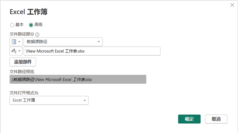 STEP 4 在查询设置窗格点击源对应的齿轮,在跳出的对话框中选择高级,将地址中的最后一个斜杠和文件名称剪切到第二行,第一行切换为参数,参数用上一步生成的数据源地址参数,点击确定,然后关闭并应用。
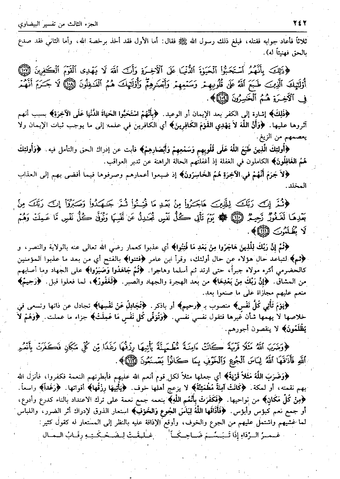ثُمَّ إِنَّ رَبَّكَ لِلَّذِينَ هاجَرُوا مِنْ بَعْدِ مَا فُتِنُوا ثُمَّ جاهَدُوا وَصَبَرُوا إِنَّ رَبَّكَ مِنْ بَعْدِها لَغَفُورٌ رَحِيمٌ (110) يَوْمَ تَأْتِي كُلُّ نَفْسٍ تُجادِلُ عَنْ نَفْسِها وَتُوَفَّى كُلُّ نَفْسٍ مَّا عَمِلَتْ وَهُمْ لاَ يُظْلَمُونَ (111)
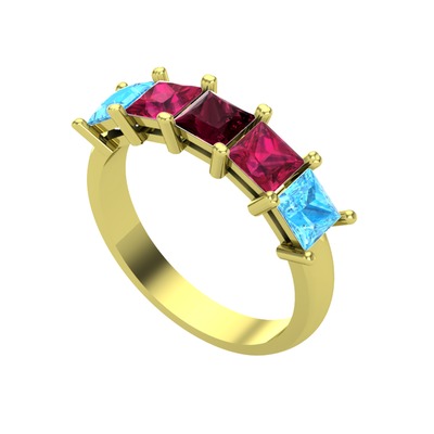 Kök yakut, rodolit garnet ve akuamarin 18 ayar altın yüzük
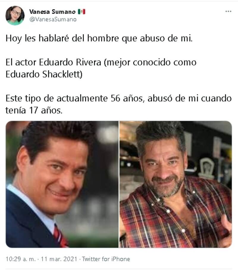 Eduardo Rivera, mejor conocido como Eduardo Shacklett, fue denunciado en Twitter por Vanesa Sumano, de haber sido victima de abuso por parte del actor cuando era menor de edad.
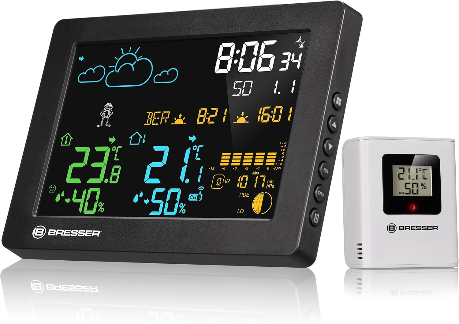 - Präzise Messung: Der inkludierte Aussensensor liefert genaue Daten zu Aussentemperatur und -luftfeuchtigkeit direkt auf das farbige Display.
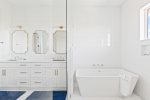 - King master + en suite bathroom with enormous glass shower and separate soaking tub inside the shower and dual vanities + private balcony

▶ [Work request]
All of the material above should be reproduced exactly, except the pictures.

▶ [Solution for this problem]
 STEP 4 在查询设置窗格点击源对应的齿轮,在跳出的对话框中选择高级,将地址中的最后一个斜杠和文件名称剪切到第二行,第一行切换为参数,参数用上一步生成的数据源地址参数,点击确定,然后关闭并应用。
ثُمَّ إِنَّ رَبَّكَ لِلَّذِينَ هاجَرُوا مِنْ بَعْدِ مَا فُتِنُوا ثُمَّ جاهَدُوا وَصَبَرُوا إِنَّ رَبَّكَ مِنْ بَعْدِها لَغَفُورٌ رَحِيمٌ (110) يَوْمَ تَأْتِي كُلُّ نَفْسٍ تُجادِلُ عَنْ نَفْسِها وَتُوَفَّى كُلُّ نَفْسٍ مَّا عَمِلَتْ وَهُمْ لاَ يُظْلَمُونَ (111)
 Kök yakut, rodolit garnet ve akuamarin 18 ayar altın yüzük
 Eduardo Rivera, mejor conocido como Eduardo Shacklett, fue denunciado en Twitter por Vanesa Sumano, de haber sido victima de abuso por parte del actor cuando era menor de edad.
 - Präzise Messung: Der inkludierte Aussensensor liefert genaue Daten zu Aussentemperatur und -luftfeuchtigkeit direkt auf das farbige Display.
 - King master + en suite bathroom with enormous glass shower and separate soaking tub inside the shower and dual vanities + private balcony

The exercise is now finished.